To build the custom upload_lz4_fmat_to_S3 method, let’s first create a function to upload to S3 :
def upload_file_to_s3(filepath:String, bucket:String, directory:String) : Int = {
import java.io.File
import com.amazonaws.services.s3.AmazonS3Client
import com.amazonaws.services.s3.model.PutObjectRequest;
import com.amazonaws.AmazonClientException;
import com.amazonaws.AmazonServiceException;
val S3Client = new AmazonS3Client()
val fileToUpload = new File(filepath)
try {
S3Client.putObject(new PutObjectRequest(bucket, directory + "/" + filepath.split("/").last, fileToUpload))
} catch {
case ex: AmazonServiceException =>{
println("Amazon Service Exception : "+ex.getMessage())
return -1
}
case ex: AmazonClientException => {
println("Amazon Client Exception + " + ex.getMessage())
return -1
}
}
return 0
}
The Amazon SDK looks for the credentials available in the different contexts.
Then, define a function to convert a line (String) of data from a CSV into an array of explicative features and the label :
def convert_line_to_Expl_Label_Tuple(line : String) : (Array[Float],Float) = {
val values = line.split(";")
// process your line HERE
(expl, label)
}
Lastly, combine the functions to create upload_lz4_fmat_to_S3 method :
def upload_lz4_fmat_to_S3 (index:Int, it:Iterator[String]) : Iterator[Int] = {
import BIDMat.FMat
import BIDMat.MatFunctions._
val dataWithLabel = it.toArray.map( convert_line_to_Expl_Label_Tuple )

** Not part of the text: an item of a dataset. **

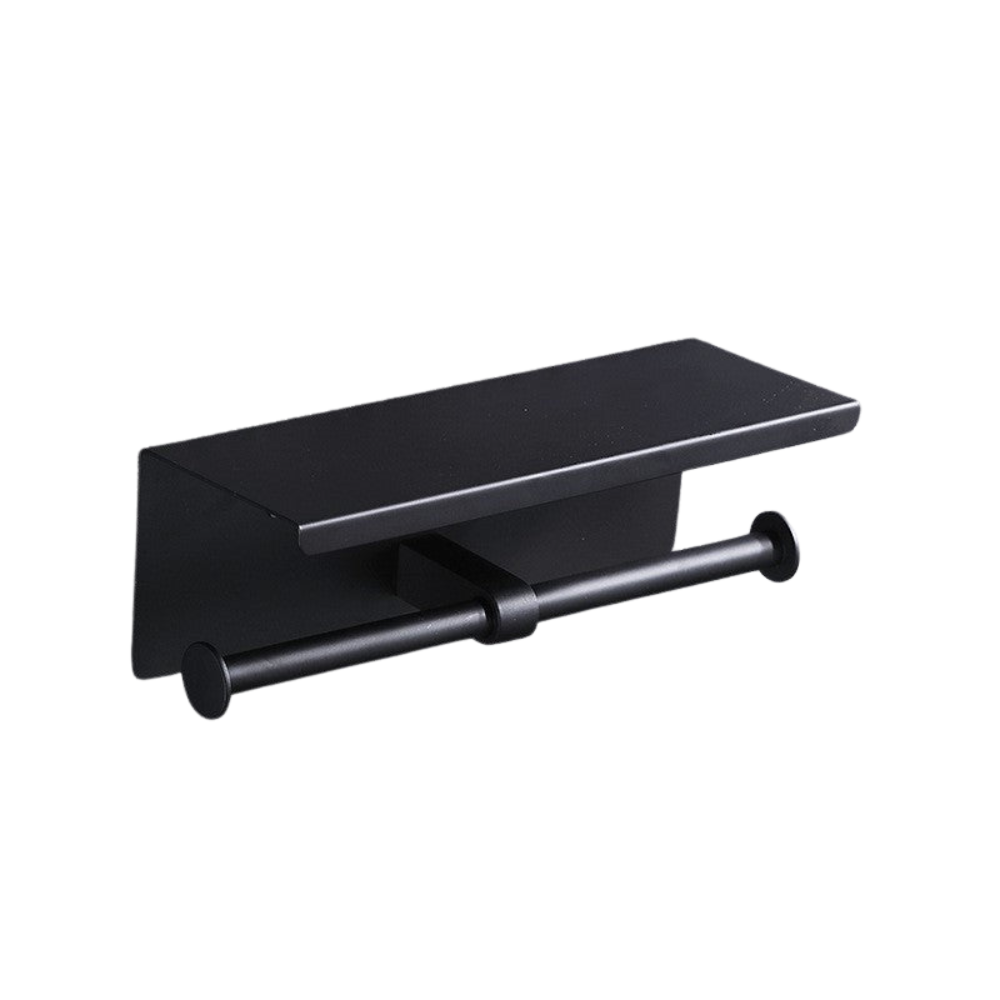 Zwarte Wc Rolhouder met Handig Plankje voor Extra Opslag

val data = dataWithLabel.flatMap( x => x._1)
val labels = dataWithLabel.map( x => x._2 )
val datafmat = FMat(nb_expl, data.length/nb_expl, data)
val labelfmat = FMat(1,labels.length, labels)

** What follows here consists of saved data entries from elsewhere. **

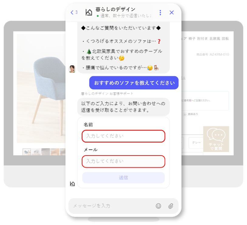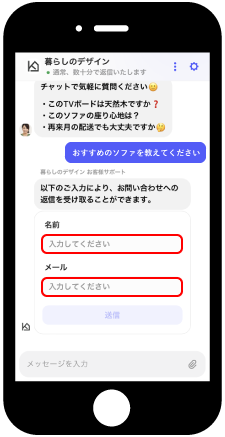 相談内容を送信後、名前とメールアドレスを入力することでサイトを離れてもスタッフからの返信をメールで受け取り、そのままチャットを再開することができます。
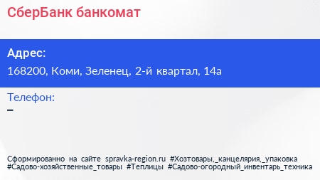СберБанк, банкомат по адресу 168200, Коми, Зеленец, 2-й квартал, 14а в дальнейшем Организация, размещена в следующих категориях:
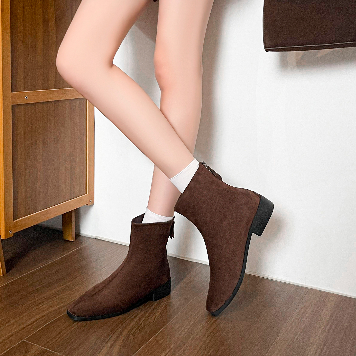 真皮版~韩系复古洋气小短靴女2025高级感法式绒面裸靴粗跟瘦瘦靴
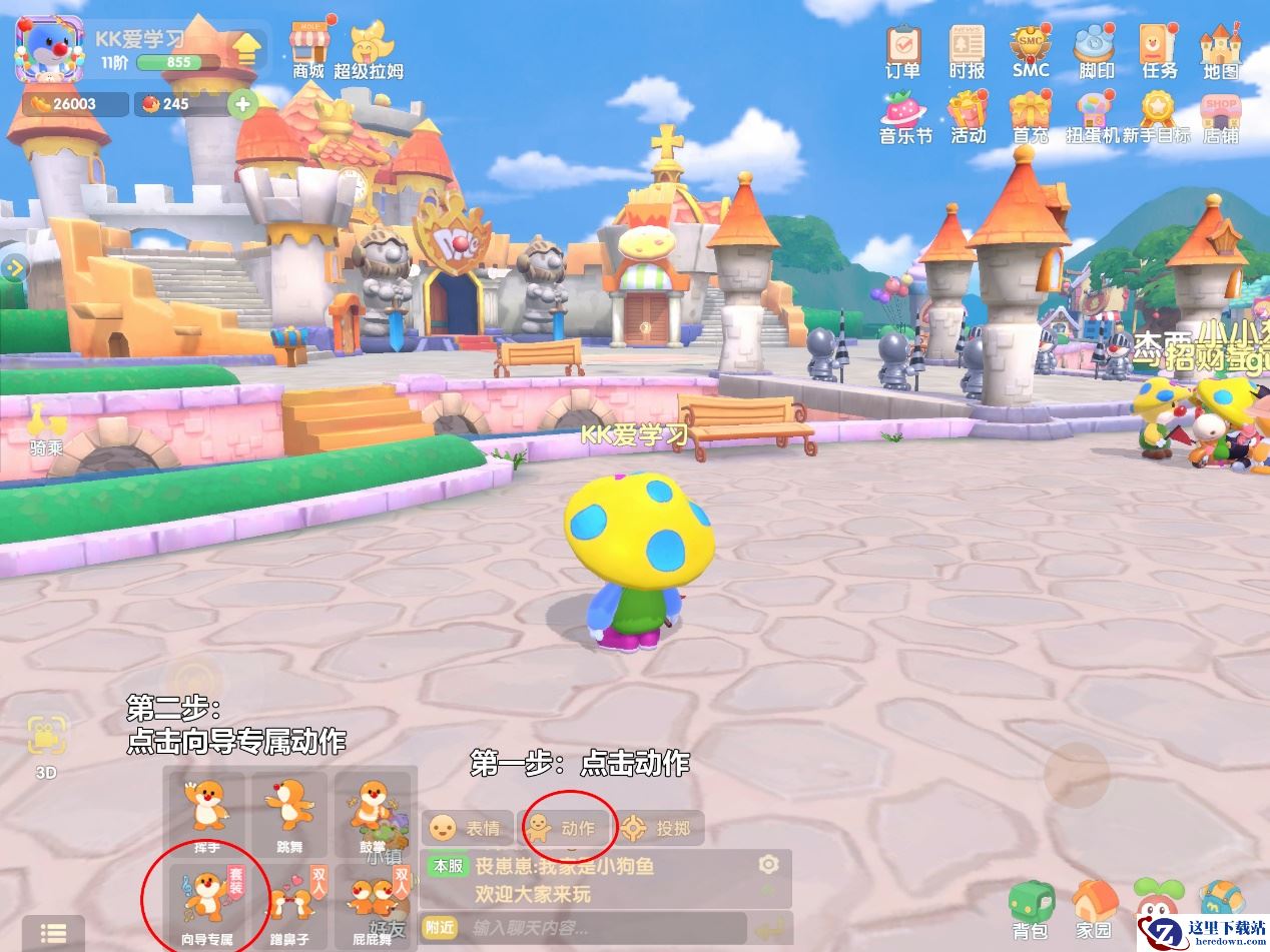 然后到达指定地点,打开动作界面,里面会有一个向导专属动作,点击便可以进行向导的宣传工作啦!

saveFMat("data%02d.lz4" format index, datafmat)
saveFMat("label%02d.lz4" format index, labelfmat)
Array( upload_file_to_s3("data%02d.lz4" format index,bucket, "out"),upload_file_to_s3("label%02d.lz4" format index,bucket, "out") ).iterator
}
Hyperparameter tuning using grid search with Spark
Hyperparameters are the parameters of the prediction model : number of trees, depth, number of bins… for example for a random forest regressor.
Grid search consists in computing the model for a grid of combinations for the parameters, for example
import BIDMat.{CMat, CSMat, DMat, Dict, FMat, FND, GMat, GDMat, GIMat, GLMat, GSMat, GSDMat, HMat, IDict, Image, IMat, LMat, Mat, SMat, SBMat, SDMat}
import BIDMat.MatFunctions._
import BIDMat.SciFunctions._
import BIDMach.models.RandomForest
val ndepths = icol(1, 2, 3, 4, 5) // 5 values
val ntrees = icol(5, 10, 20) // 3 values
val ndepthsparams = iones(ntrees.nrows, 1) ⊗ ndepths
val ntreesparams = ntrees ⊗ iones(ndepths.nrows,1)

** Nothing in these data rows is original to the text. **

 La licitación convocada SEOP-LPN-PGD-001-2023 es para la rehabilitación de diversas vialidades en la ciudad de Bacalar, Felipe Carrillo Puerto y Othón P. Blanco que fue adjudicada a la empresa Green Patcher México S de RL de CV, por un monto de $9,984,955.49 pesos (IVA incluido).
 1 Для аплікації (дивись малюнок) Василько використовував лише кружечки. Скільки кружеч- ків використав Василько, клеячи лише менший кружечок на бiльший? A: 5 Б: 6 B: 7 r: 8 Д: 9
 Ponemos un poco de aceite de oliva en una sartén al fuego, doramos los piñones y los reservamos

val hyperparameters = ndepthsparams \ ntreesparams
val hyperparamSeq = for( i <- Range(0, hyperparameters.nrows) ) yield(hyperparameters(i,?))
val hyperparamRDD = sc.parallelize(hyperparamSeq,2)
hyperparamRDD.mapPartitionsWithIndex( (index: Int, it: Iterator[BIDMat.IMat]) => {
it.toList.map(x => {
val params = drand(30,1)
0 until 50 map( i => {
val fmat = FMat(drand(30,1000))
saveMat("data%02d.fmat.lz4" format i, fmat);
saveMat("label%02d.imat.lz4" format i, IMat(params ^* fmat) > 7)
})
val (mm,opts) = RandomForest.learner("data%02d.fmat.lz4","label%02d.imat.lz4")
opts.batchSize = 1000
opts.nend = 50
opts.depth = x(0,0)
opts.ncats = 2
opts.ntrees = x(0,1)
opts.impurity = 0
opts.nsamps = 12
opts.nnodes = 50000
opts.nbits = 16
opts.gain = 0.001f
mm.train
index + ": ndepth "+x(0,0) + " & ntrees "+x(0,1)
} ).iterator
}).collect
which should give you :
res17: Array[String] = Array(0: ndepth 1 & ntrees 5, 0: ndepth 2 & ntrees 5, 0: ndepth 3 & ntrees 5, 0: ndepth 4 & ntrees 5, 0: ndepth 5 & ntrees 5, 0: ndepth 1 & ntrees 10, 0: ndepth 2 & ntrees 10, 1: ndepth 3 & ntrees 10, 1: ndepth 4 & ntrees 10, 1: ndepth 5 & ntrees 10, 1: ndepth 1 & ntrees 20, 1: ndepth 2 & ntrees 20, 1: ndepth 3 & ntrees 20, 1: ndepth 4 & ntrees 20, 1: ndepth 5 & ntrees 20)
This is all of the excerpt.